Review: Tierra Brindisa in Soho. Authentic Tapas in London.  

I'm on tapas the world looking down on creation

We were close to desperation when we spotted Tierra Brindisa from across the t-junction between Broadwick Street and Lexington Street in Soho.  Both our pre-planned lunch options had failed us by being closed after 3pm.  We had tried several places off the cuff, but like Mary and Joseph we were turned away.  There was no room at the inn.  We were wandering through Soho like hyenas on the prowl.  Across the stone clad street, we spotted an unassuming green door.  It beckoned invitingly like the transom into Never, Neverland.  On close inspection it was Tierra Brindisa, sister restaurant to Tapas Brindisa in Borough Market.  In between gnawing at Keith's femur, I managed to utter the simple words “Are you still serving?” at the Waitress.  She answered yes and beckoned us to pole position in the corner leather seats on the frontline of the restaurant

We shrugged of our Christmas baggage and immediately sought refuge in the wine list where a cheeky Conde de Valdemar Crianza 2006 beckoned seductively.  It might as well have been steaming hot Ribena as this was seriously quaffable.  This wine has tobacco and black pepper undertones but the dominant Tempranillo grape (90%) gives this it an amazing Jessica Rabbit appeal… full bodied. 

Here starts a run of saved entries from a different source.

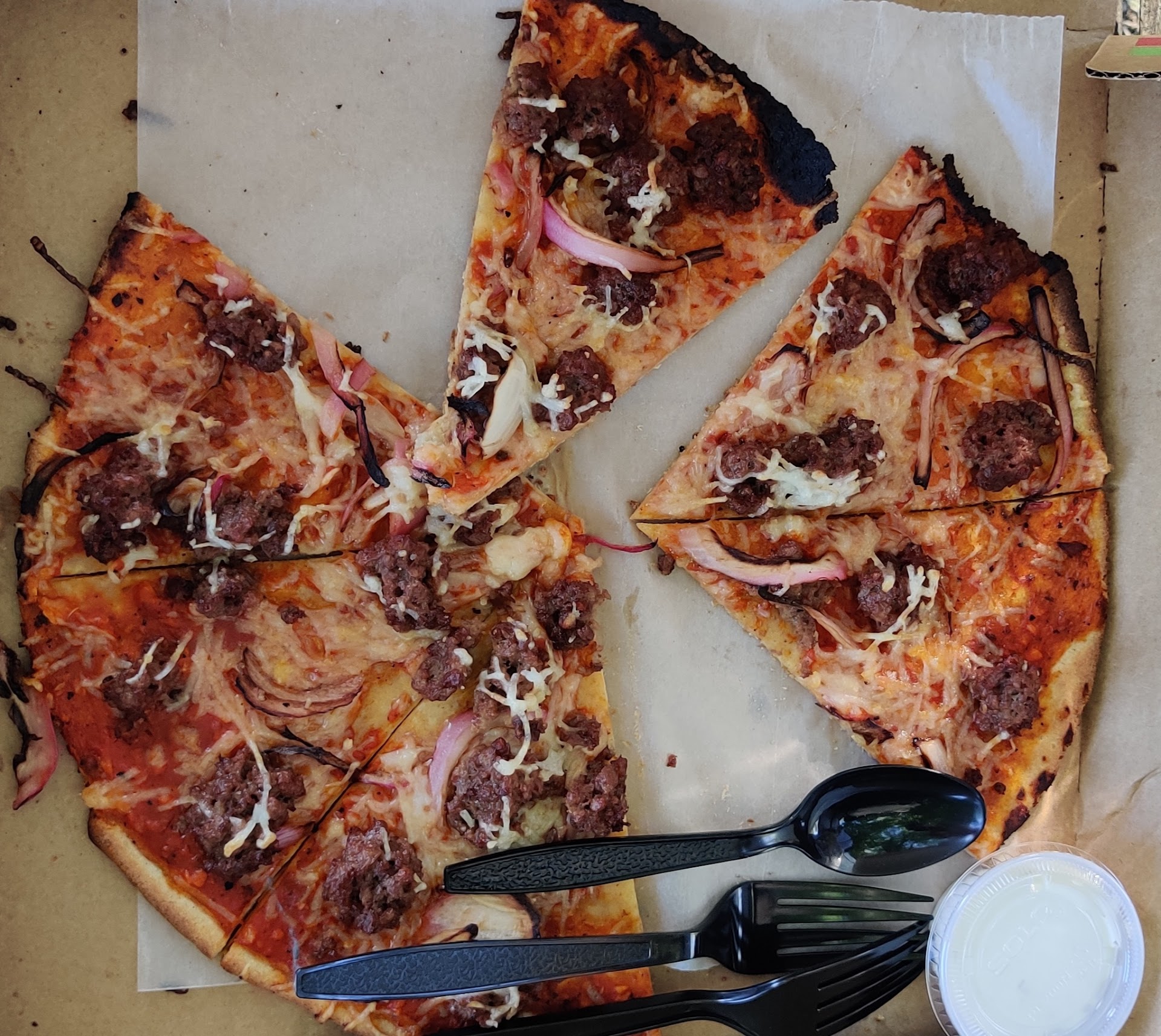 Read moreI ordered a veganized Falafel pizza for pickup. Their website for online ordering is very simple to use. I was able to order in advance to pickup when I got out of work. When I arrived there was plenty of parking spaces, and upon entering I was greeted by a smiling woman behind the register. I gave her my name and she let me know that my order had just been completed. It was a very pleasant experience. I was so excited to try the pizza. When I opened the box it was beautifully topped with falafel, tomatoes onion, cilantro, spiced vegan mayo, and vegan cheese (as requested). It tasted just as delicious as it looked. The ingredients were all very fresh and I enjoyed their crust. They have many other options on their menu and I am happy to see the uniqueness of their toppings! They have classic cheese which can be veganized, as well as Indian style pizzas with flavors like Cauliflower Manchurian, Paneer Tikka Masala and others! The place was very clean , l will be...
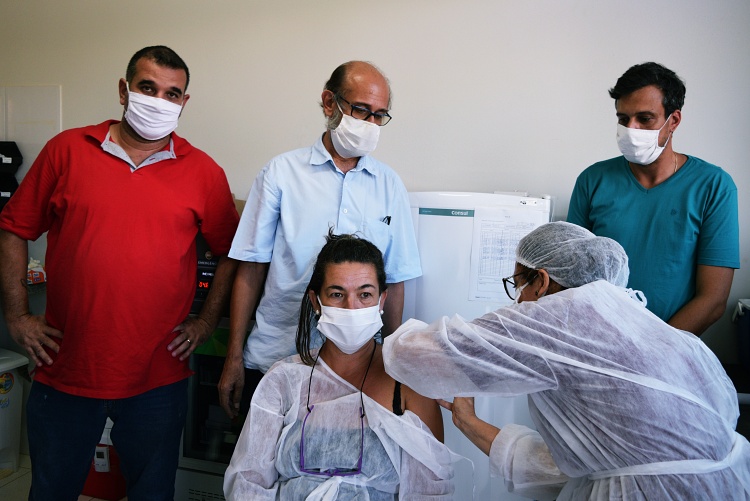 O município recebeu 43 doses do Governo Estadual, através da Gerência Regional de Saúde. A vacina CoronaVac é fabricada pelo Instituto Butantan, de São Paulo, em parceria com a biofarmacêutica da China, Sinovac.
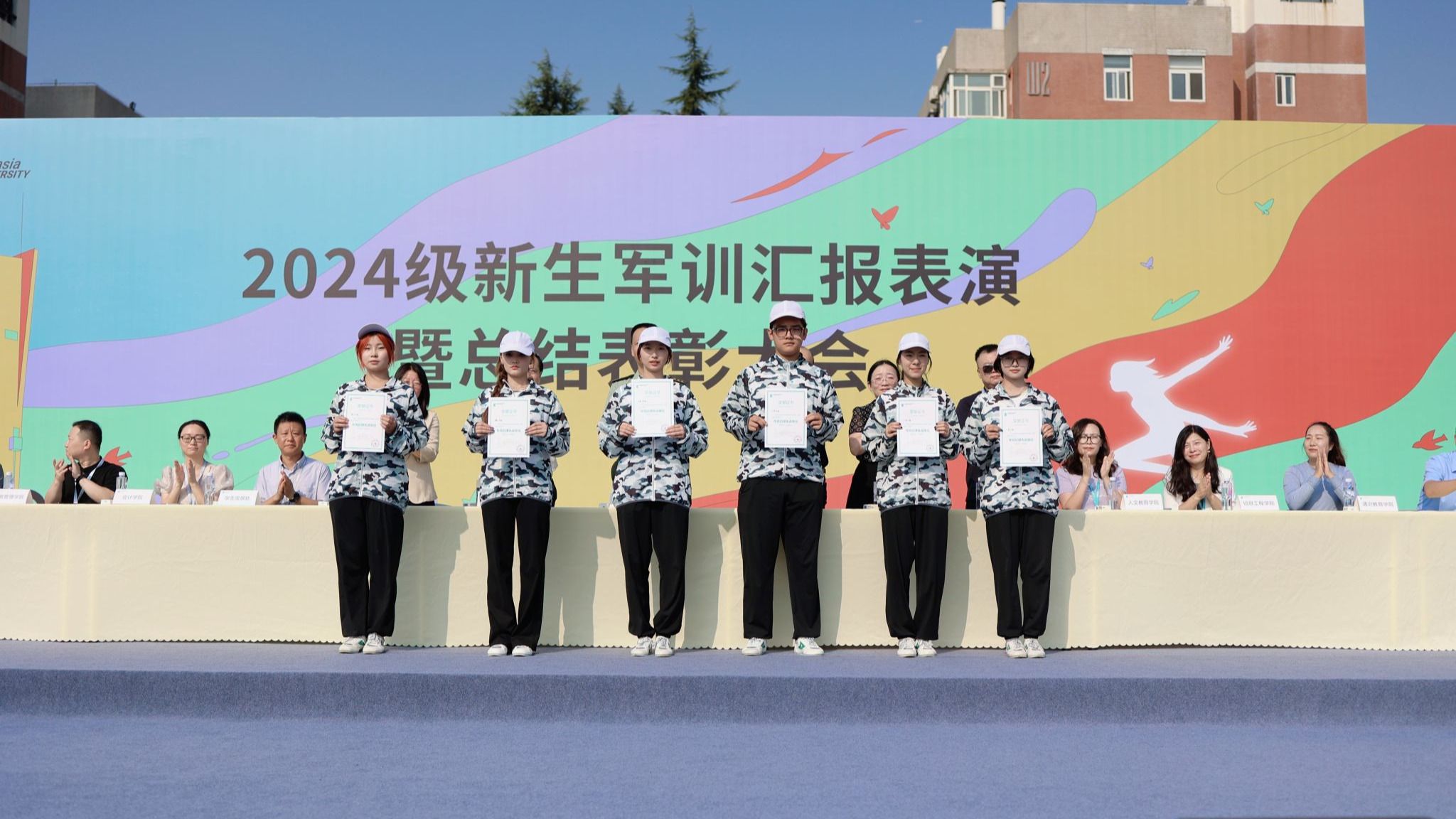 9月13日9:00,sunbet申慱官网2024级新生军训汇报表演暨总结表彰大会在学校体育场隆重举行。学校党委书记赵国华同志、学校副校长张乐芳教授,32147部队王林副旅长、王首营长,学校党委办公室、各二级学院、各社区分党委、教务处、学生发展处、后勤集团领导,以及军训旅的40名教官、教导员、指导员出席仪式。此次大会由军训旅副政委、学生发展处副处长张成主持。(图一)军训旅副政委、学生发展处副处长张成主持此次大会当九月的炎炎烈日照拂欧亚的体育场,...
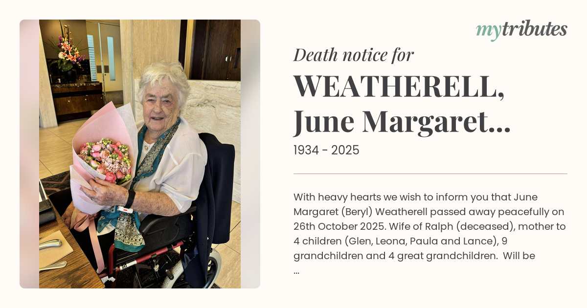 19°CWith heavy hearts we wish to inform you that June Margaret (Beryl) Weatherell passed away peacefully on 26th October 2025. Wife of Ralph (deceased), mother to 4 children (Glen, Leona, Paula and Lance), 9 grandchildren and 4 great grandchildren. Will be greatly missed.
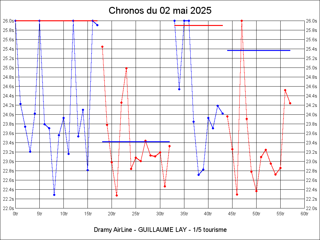 Meilleur tour - 22.274 02-05-2025 15:06:12 29.83°C 42.51°C 0.28km 45.25km/h
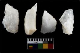 | Description / विवरण | There are n-4 of intact utilized flakes made up of Quartz. Some of them have bulge of percussion and some are flat flakes. |
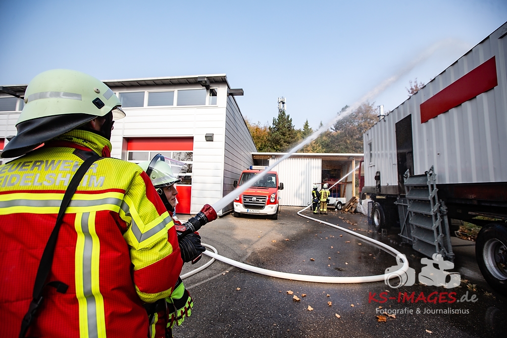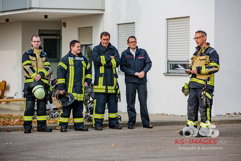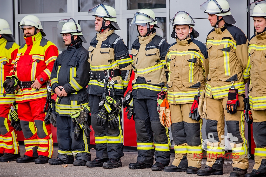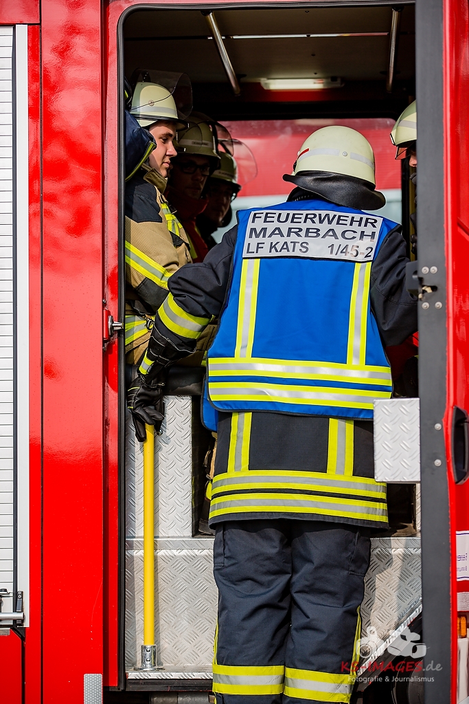 Auf dem Hof der Feuerwache Marbach begrüßte Lehrgangsleiter Lars Meyer, Feuerwehr Marbach, die zahlreichen Zuschauer, die zur Marbacher Feuerwache gekommen waren, um sich die Übung anzusehen. Ein Großteil der Zuschauer, Freunde, Verwandte oder Feuerwehrkameraden und Kommandanten der Lehrgangsteilnehmer, drückten diesen für die Abschlussübung die Daumen.
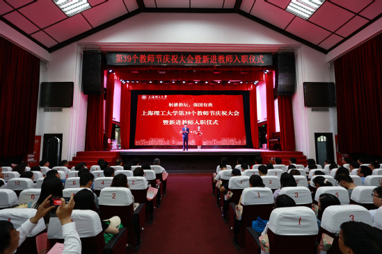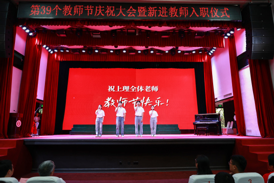 躬耕教坛,强国有我。9月8日下午,学校在大礼堂举行第39个教师节庆祝大会暨新进教师入职仪式。校党委书记王凌宇,校长丁晓东,校党委副书记、副校长盛春,校党委副书记、纪委书记赵宁,副校长蔡永莲,总会计师赵明,副校长张华出席大会。全体中层干部、各单位工会负责人、30年教龄教师、获奖教师、新进教师、各学院教师代表等300余名教师与会。
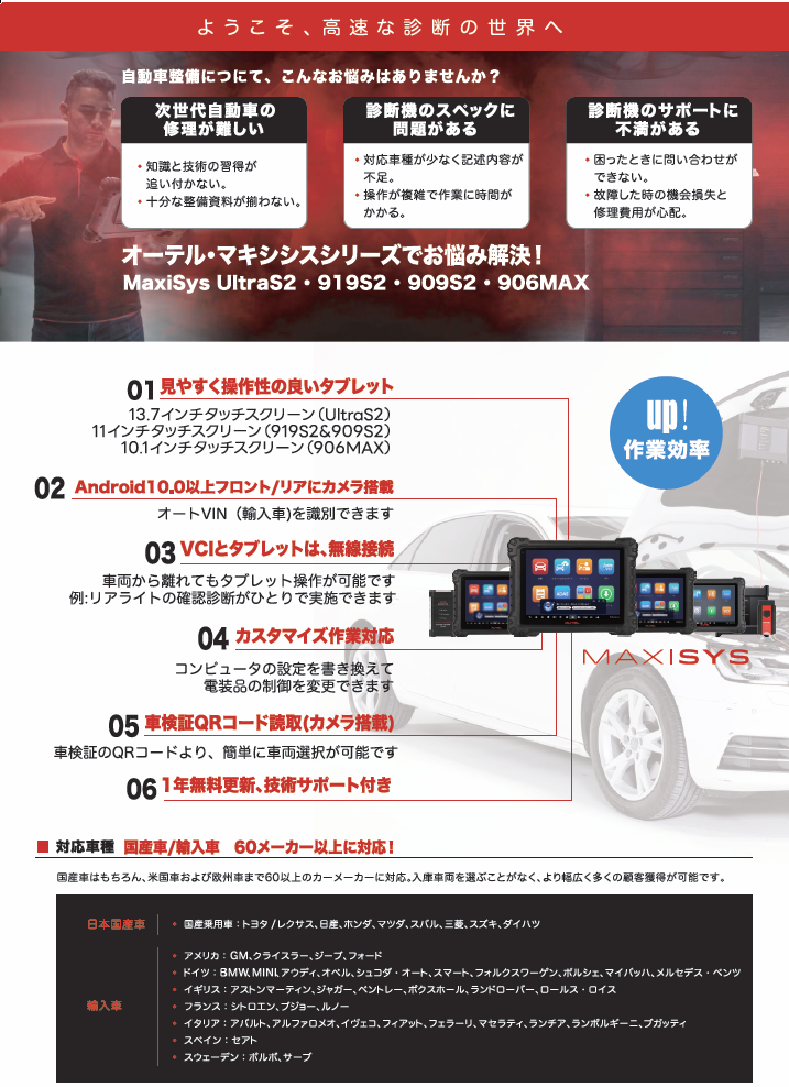 | モデル | MaxiDas DS900 | MaxiSys 906Pro *1 MaxiSys 906Max *2 | MaxiSys 909 *1 MaxiSys 909S2 *2 | MaxiSys 919 *1 MaxiSys 919S2 *2 | MaxiSys Ultra *1 MaxiSys UltraS2 *2 |
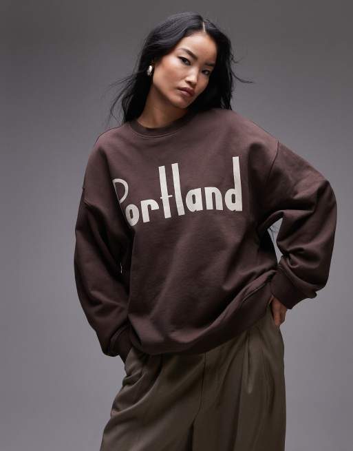 Sudadera marrón extragrande con estampado gráfico "Portland" de Topshop

Keith and I settled in and noticed they had borrowed out chill out music from home, which was a big mistake on their part as we had decided we were now part of the furniture based on the Conde de Valdemar.,

We were not in a rush, especially after knowing there was only Christmas shopping on the other side of that green door, so decided to order our Tapas Spanish stylée, that is, as required.  We are all about the dried cured meats (I like to pretend it contributes to my Atkins diet), so we ordered a charcuterie plate of spicy chorizo, peppery salchichon and Teruel ham and loin.  Our platter was served with bread and a gloopy olive oil.  Amazing.  The charcuterie plate was everything we believe in.  Happy pigs skulking around the countryside being happy some more, and then when reincarnated, are happy tasty dried cured meats.  Simple, pure ingredients of high quality that have been cared for. 

Later we chose our tapas; Ham and chicken croquetas, octopus a la gallega, revuelto of eggs with wild mushrooms and truffle oil and prawns al ajillo, served with herby salad dressed in a moscatel vinaigrette.  The croquetas were piping hot, crispy on the outside with a smooth paste consistency on the inside, bar tiny nibs of ham.  They were of course accompanied by the food nod.  The chilli, garlic prawns had been served at the same time. We have to admit, initially we were a little disappointed.  My mother makes restaurant quality prawns and we did not really feel that that they compared.  We were promised garlic and expected it. We then had the idea of basting and turning over our pink friends.  We left them a few minutes and retired to the revuelto, which was a good move.  When we returned to our rosy crustaceans it was as it should be; pungent and powerful.  The revuelto was yummy. The truffle oil was not too over powering, but nonetheless aromatic and rich.  It was the deal breaker to the dish which would have otherwise been scrambled eggs and 'shrooms.  Our favourite tapas was the octopus a la gallega. We do not shy from our eight-legged mate, who so many think is tougher than OJ Simpson.  But no, the octopus was cooked perfectly and full of flavour. The accompanying sautéed potatoes were spicy and offered a contrast in texture to the tenderised octopus.  You must try this dish you make it to Tierra Brindisa, as this is how Octopus should be cooked. 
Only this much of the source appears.